Multiple Sclerosis (MS) is a chronic disease affecting the central nervous system, characterized by the immune system mistakenly attacking the protective myelin sheath surrounding nerve fibers. This damage creates scarring, which disrupts the flow of electrical signals between the brain and the body. Individuals with MS have a higher prevalence of seizures, including focal seizures, compared to the general population. Approximately 3% to 5% of people with MS will experience a seizure, which is roughly three times the rate seen in those without the disease.
Defining Focal Seizures
Focal seizures, previously known as partial seizures, originate from abnormal electrical activity in a specific, restricted area on one side of the brain. They are classified based on the person’s level of awareness during the event, distinguishing them from generalized seizures, which involve both sides of the brain simultaneously.
Focal aware seizures occur when consciousness remains fully intact. Symptoms depend on the brain region affected and may manifest as involuntary twitching of a limb, a sudden sense of déjà vu, or sensory changes like an unusual smell or taste. These episodes are often brief, lasting less than two minutes.
Focal impaired awareness seizures occur when the person’s consciousness is altered or lost. They may appear dazed and unable to respond appropriately to their surroundings. Common behaviors, known as automatisms, can include repetitive actions such as lip smacking, picking at clothes, or aimless wandering. After the seizure ends, the individual may be confused and typically has no memory of the event.
The Neurological Mechanism: MS Lesions and Seizure Risk
The connection between MS and the development of seizures lies in the location and nature of the demyelinating lesions. Seizure generation is fundamentally an issue of neuronal hyperexcitability, which is significantly influenced by damage to the brain’s surface. Lesions situated in or immediately beneath the cerebral cortex—the gray matter responsible for generating electrical activity—are most often associated with seizure activity. Deep brain lesions are less likely to cause this electrical instability.
The chronic inflammation that defines MS damages myelin and nerve fibers in these cortical areas, creating a structural fault line in the brain’s electrical circuitry. This damage alters the local environment, making neurons more prone to firing abnormally.

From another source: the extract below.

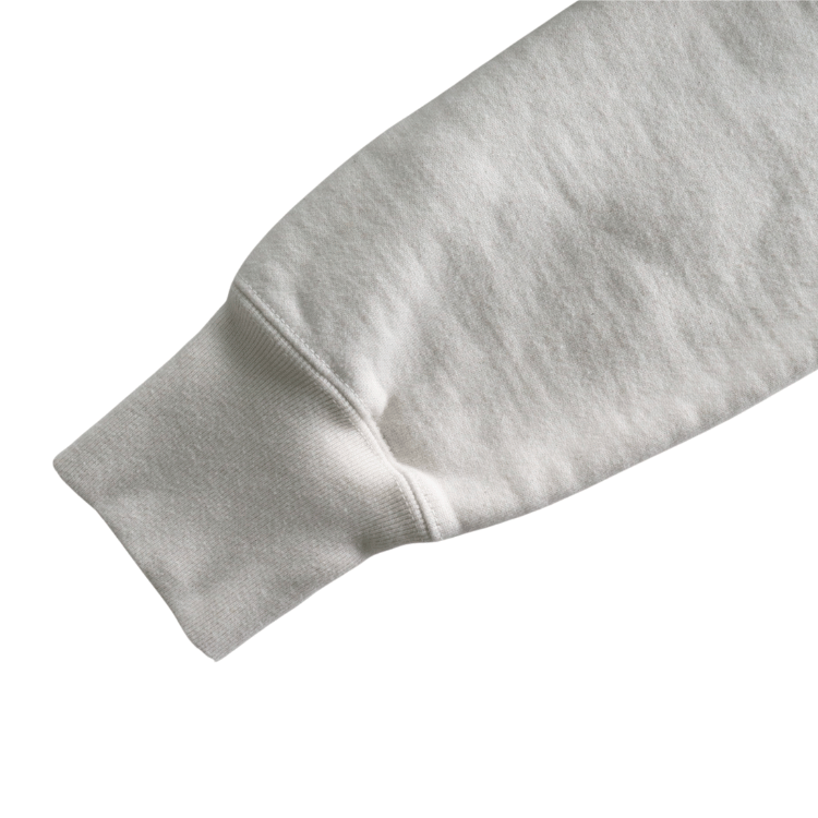 和歌山にて旧式吊編機により製造する吊裏毛素材。本来この旧式編機は「フワフワに柔らかく空気を含むように編み上げる特徴」を持ち、旧式編機らしく「柔らかく保温性に富んだ」素材に仕上げました。ローゲージにより空気の含有率が向上することでミディアムウエイトながら保温性を損なわずに編上げました。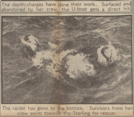 Shortly after Starling fired her last depth charge the U-boat surfaced nearly a mile away. Starling at once engaged with gunfire, scoring hits with both her inch and smaller armament. The U-boats crew quickly abandoned ship and eight minutes after surfacing the enemy sank stern first. The entire crew of 51 were picked up and made prisoners of war.

Following the acute inflammatory phase, the brain attempts to repair itself, which often results in gliosis, a process where scar tissue forms around the old lesions. This scar tissue changes the way electrical signals are transmitted and buffered, disrupting the delicate balance between excitatory and inhibitory signals. Research suggests that astrocytes, which are support cells in the brain, become impaired in their ability to regulate certain molecules like glutamate and potassium ions. Reduced regulation of these compounds contributes directly to the hyperexcitability of neurons.
Clinical Diagnosis and Treatment Approaches
When an MS patient presents with suspected seizure activity, a neurologist’s primary goal is to confirm the diagnosis and identify the underlying cause. The first diagnostic step typically involves an electroencephalogram (EEG), which records the electrical activity of the brain. The EEG helps to confirm whether the symptoms are true epileptic seizures or a different type of transient neurological event, such as a paroxysmal symptom that is common in MS.
High-resolution magnetic resonance imaging (MRI) is used to locate the specific demyelinating plaque that may be acting as the seizure focus. MRI is also necessary to rule out other possible causes for the seizure, such as a stroke, tumor, or infection. The identification of an active or chronic cortical lesion on the MRI provides strong evidence linking the seizure directly to the MS pathology.
Treatment for MS-related seizures relies primarily on anti-epileptic drugs (AEDs), which work to stabilize the electrical activity in the brain. Common medications used include Levetiracetam (Keppra), Lamotrigine (Lamictal), and Carbamazepine, which are generally effective in controlling the seizures. When selecting an AED, neurologists must carefully consider potential side effects like fatigue or cognitive issues, which could compound existing MS symptoms. Furthermore, doctors must ensure that the chosen AED does not negatively interact with any of the patient’s MS disease-modifying therapies (DMTs).